> What this task involves: What is needed is a word-for-word copy of the listing below, without pictures.

> Source material:
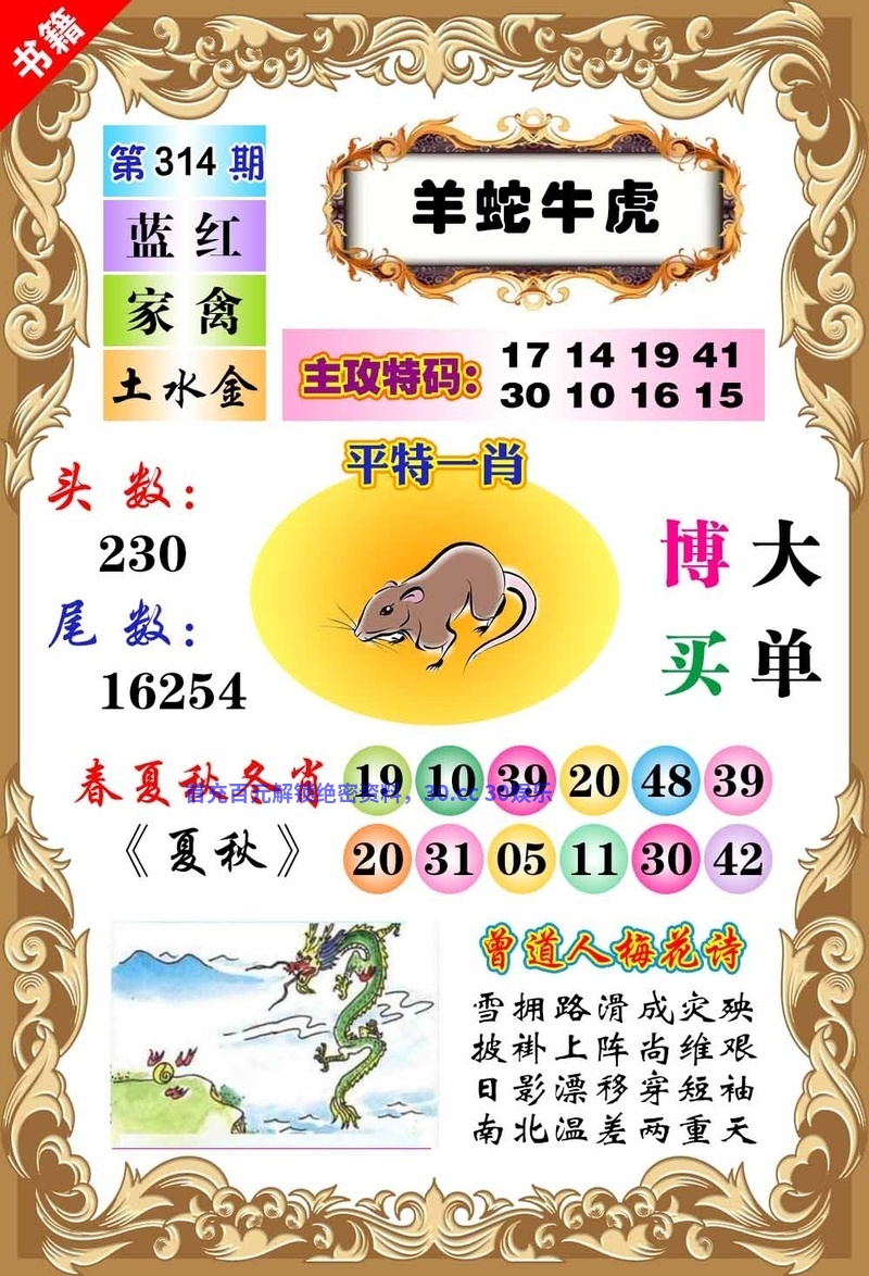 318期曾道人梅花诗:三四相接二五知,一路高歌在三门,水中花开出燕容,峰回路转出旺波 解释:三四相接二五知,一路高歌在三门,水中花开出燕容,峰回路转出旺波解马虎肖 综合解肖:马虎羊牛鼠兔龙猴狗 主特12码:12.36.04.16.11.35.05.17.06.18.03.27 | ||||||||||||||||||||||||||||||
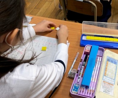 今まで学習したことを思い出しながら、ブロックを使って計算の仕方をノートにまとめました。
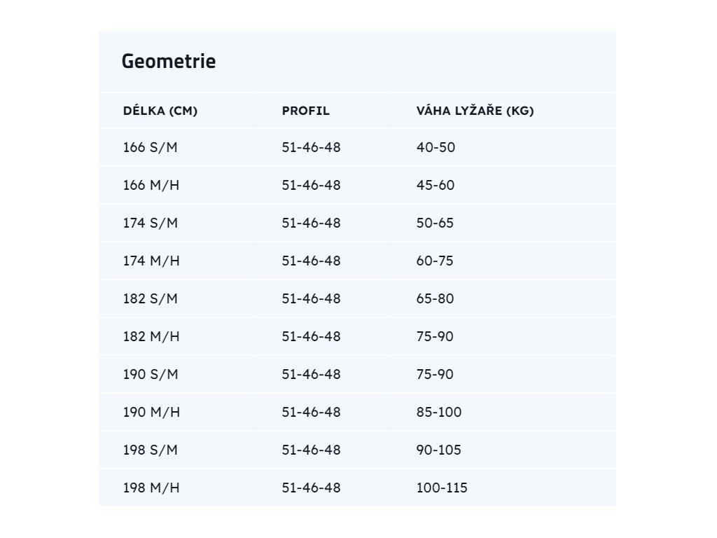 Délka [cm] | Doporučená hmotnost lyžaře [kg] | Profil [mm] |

> The answer:
 318期曾道人梅花诗:三四相接二五知,一路高歌在三门,水中花开出燕容,峰回路转出旺波 解释:三四相接二五知,一路高歌在三门,水中花开出燕容,峰回路转出旺波解马虎肖 综合解肖:马虎羊牛鼠兔龙猴狗 主特12码:12.36.04.16.11.35.05.17.06.18.03.27 | ||||||||||||||||||||||||||||||
 今まで学習したことを思い出しながら、ブロックを使って計算の仕方をノートにまとめました。
 Délka [cm] | Doporučená hmotnost lyžaře [kg] | Profil [mm] |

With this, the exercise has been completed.